Tuesday, June 03, 2008

Letter To People Who See Me and My Brother On the Street




Dear Strange Gentleman,

No, my brother and I are not twins. Thanks for asking. What, you want to mention that we look alike? Gee thanks. Wait, you want to continue talking about this? OK, sure, whatever you want. I certainly have nowhere better to go.

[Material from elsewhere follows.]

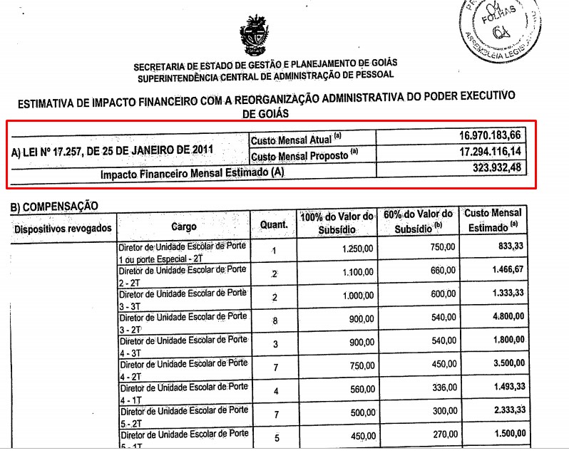 Porém, aprovar uma lei com base na possibilidade de demissão representada pelo decreto é considerado um risco pelo opositor Gustavo Sebba (PSDB). Ele defende que a reforma, por si só, não gera economia, mas aumenta o gasto público. De fato, o deputado é apoiado pela própria explanação de Caiado (veja abaixo), que estima um aumento do gasto mensal de R$ 16.970.183,66 para 17.294.116.14. “O que gera economia para o Estado é o decreto, até porque se demitir, vai economizar mesmo. O problema é que o governador pode começar cumprindo o decreto e depois revogá-lo, por conta própria – direito dele. Aí, ele poderá recontratar pessoas e o discurso de economia vai por água a baixo”.

A-ha-ha. Yes. Uh huh. You definitely needed to stop and talk to us about this outside the San Fransisco Museum of Art. What? You aren't going in? You're just passing by? Where might you be going? A mental hospital? A desolate island where they put people who walk up to strangers and say "hey, are you guys twins?". Oh, you're going home. Well, that's too bad. I hope you die a painful death by rectal plunger insertion.

You're very welcome.

Love,

Matt.


Dear Middle-Aged Businessman,

Yes, in fact we do look alike; at least this is what we've heard. Sure, it's OK that you've stopped us in the middle of a crosswalk. No problem that the light is flashing "don't walk"...that's only a suggestion.

It IS hysterical how much we look alike. In fact, if you hadn't had pointed it out, then laughed for a good 5 seconds, I probably wouldn't have seen the hilarity of the situation. Now that you've mentioned it...pure comedy.

You could have SWORN we're twins? Well, that's fabulous! You have a terrific day too. Please die soon!

Sexily Yours,

Matt.

1 comment:

TID Staff said...

where are you meeting all these horny middle aged businessmen? i'm just asking for a friend, of course.